Type	Measure	Description	Time frame	Safety issue
Primary	Progression-free Survival (PFS) Among Subjects With KRAS Mutation Positive NSCLC (ITT Population) Treated With Erlotinib Plus Tivantinib Compared to Single Agent Chemotherapy.	Progression is defined using Response Evaluation Criteria in Solid Tumors (RECIST v 1.1) criteria as at least a 20% increase in the sum of diameters of target lesions, taking as reference the smallest sum on study. In addition to the relative increase of 20%, the sum must also demonstrate an absolute increase of at least 5 mm. The appearance of one or more new lesions or progression of existing non-target lesions are also considered progression.	Date of randomization until disease progression per RECIST (v 1.1) or death from any cause, whichever came first, assessed up to 24 months.
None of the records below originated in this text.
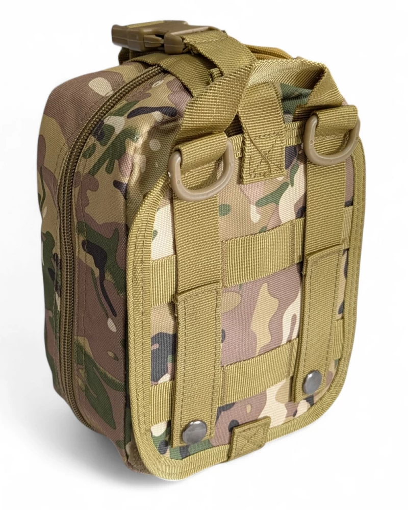 Подсумок для аптечки съемный molle (Multicam) предназначен для размещения индивидуальной аптечки на бронежилете, разгрузочном жилете или поясе, имеющих систему крепления MOLLE. Подсумок так же можно использовать как утилитарный. Оснащен удобным внутренним органайзером. Закрывается на молнию. Основной отсек открывается полностью и дает полный доступ к содержимому аптечки. За счет отстегивания подсумка от платформы, к нему можно получить быстрый и удобный доступ даже при условии размещения за спиной. Возможно размещение на обычном ремне.
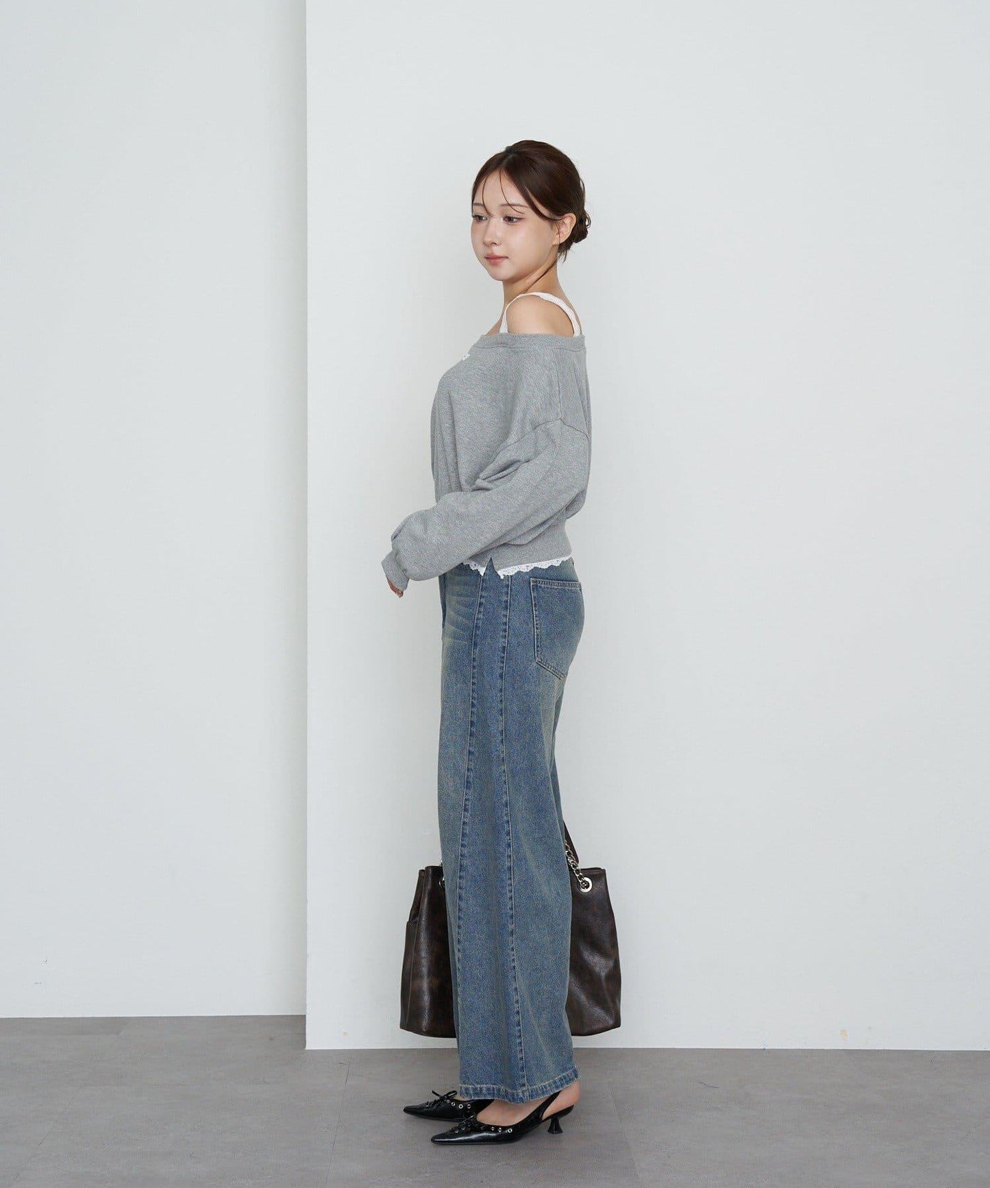 也建議搭配寬牛仔褲或休閒褲,更顯休閒。
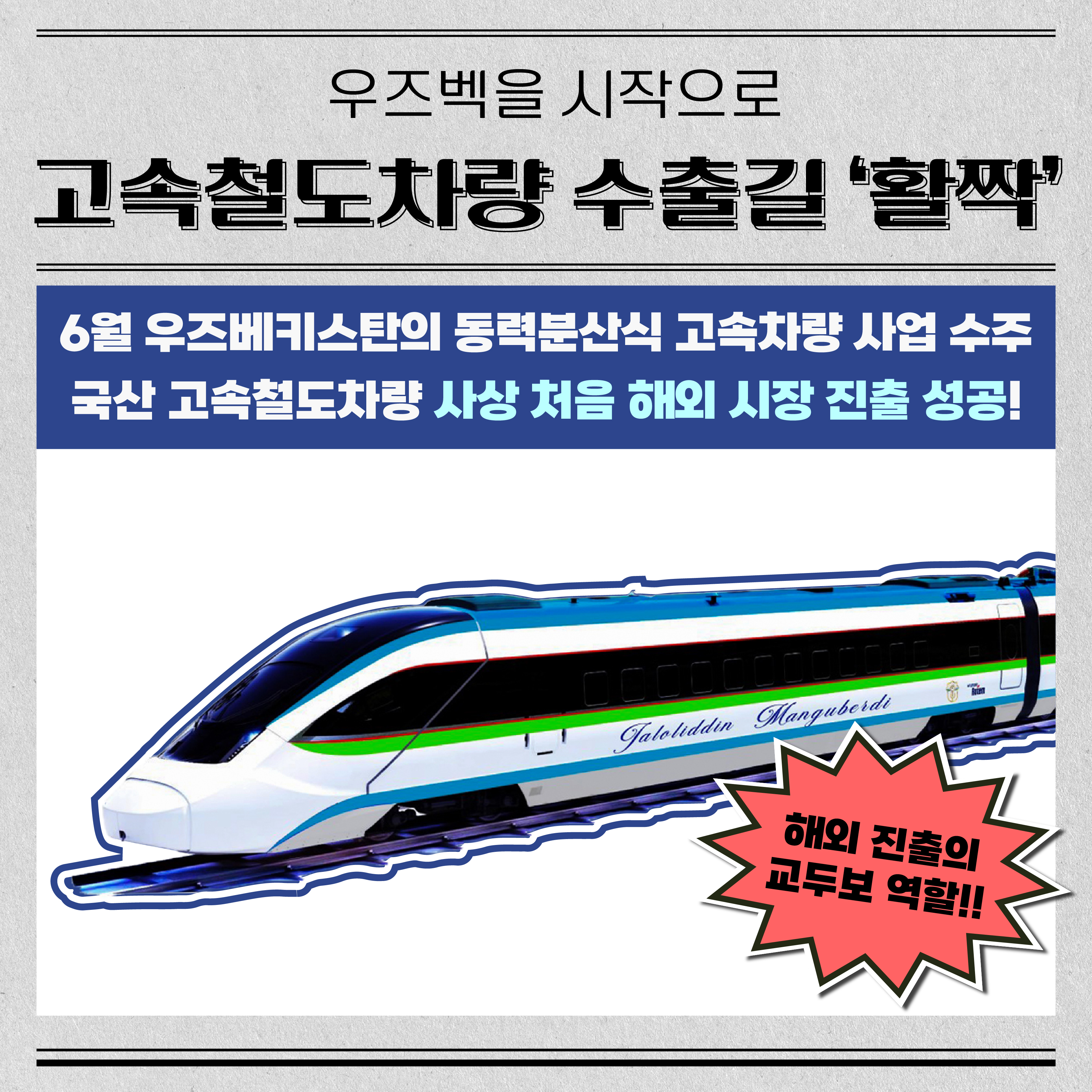 그리고 올 6월, 우즈베키스탄의 동력분산식 고속차량 사업을 수주해 철도 시장에서의 존재감을 한층 키웠는데요. 국산 고속철도차량이 사상 처음으로 해외 시장 진출에 성공한 만큼, 이번 수주가 해외 진출의 교두보 역할을 하게 됐어요. 이 외에도 7월에는 김포골드라인 전동차를 조기 투입해 김포시민들의 교통 편의성을 대폭 향상시키기도 했습니다.
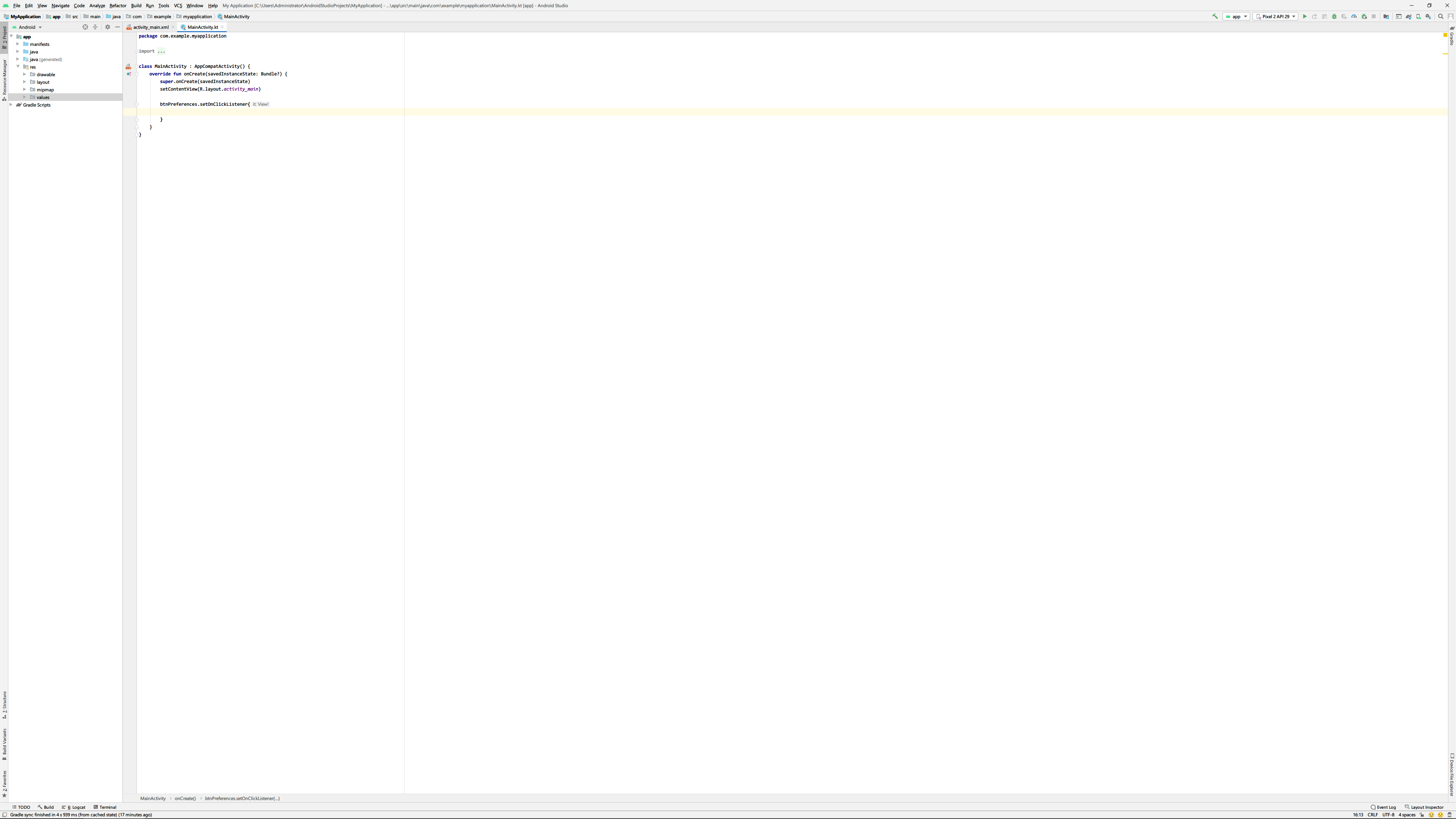 Preferences를 알아보기 전에 우선 Activity화면에서 아래와 같이 버튼 하나를 추가합니다.
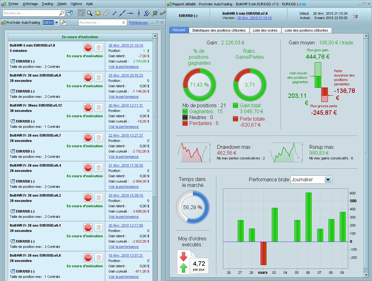 When to drawdowns, I have no information about this in ProOrder statistics, but from memory, I just know that these 2 strategies did not know like the drawdown v2 important and they never had a negative gain .
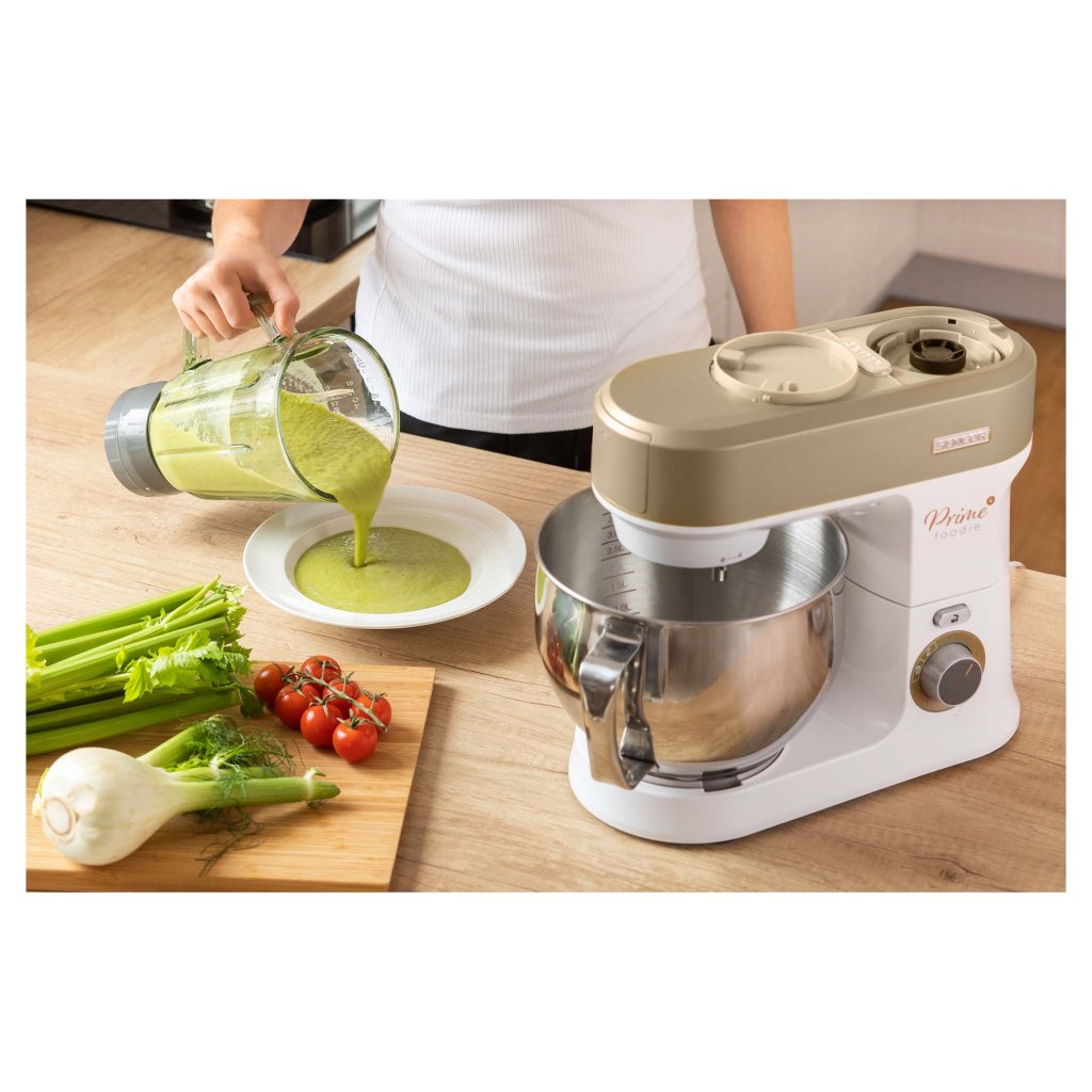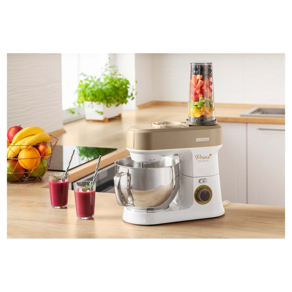 Součástí výbavy je skleněný mixér 1,5 l s titanově potaženým ostřím pro hladké polévky, omáčky a smoothie. Praktická nutri láhev 0,6 l umožní mixovat a vzít nápoj rovnou s sebou. Mlýnek na maso zvládne jemné i hrubé mletí a nástavec na plnění střívek otevře cestu k domácím klobásám.
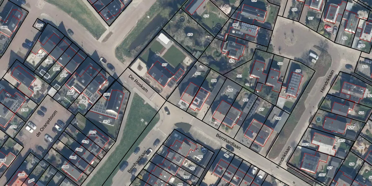 Gebruik de zoekbalk of klik op een perceel voor informatie over de adressen binnen dit perceel.
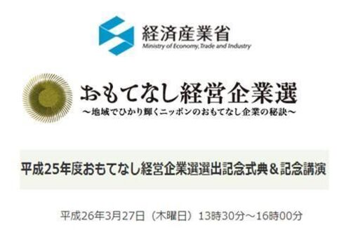 経済産業省「おもてなし経営企業選」 平成25年度の選出企業発表とトロフィー受賞式が 来週27日(木)13:30~16:00 行なわれます。 ご自由に参加いただけます。 お申込み受付中♪ →http://omotenashi-keiei.go.jp/ 今年の選出企業は何社? どんな企業? 当日…

Secondary	Overall Survival (OS) Among All Eligible Subjects (ITT Population) Treated With Erlotinib Plus Tivantinib Compared to Chemotherapy.	OS is calculated from the date of randomization until death from any cause.	Date of randomization to the date of death from any cause, assessed up to 24 months
Secondary	Objective Response Rate (ORR) Among All Eligible Subjects (ITT Population) Treated With Erlotinib Plus Tivantinib Compared to Chemotherapy.	Per RECIST v1.1, Complete Response (CR) = disappearance of all lesions and Partial Response (PR) = at least 30% decrease in the sum of diameters of target lesions. ORR = (CR+PR)/# subjects.	Date of randomization to the date of death from any cause or to the date that the subject discontinues from the study, assessed up to 24 months
Secondary	ORR Among Subjects in the Crossover Period Treated With Erlotinib Plus Tivantinib	Per RECIST v1.1, CR = disappearance of all lesions and PR = at least 30% decrease in the sum of diameters of target lesions. ORR = (CR+PR)/# subjects.	Date of randomization to the date of death from any cause or to the date that the subject discontinues from the study, assessed up to 24 months.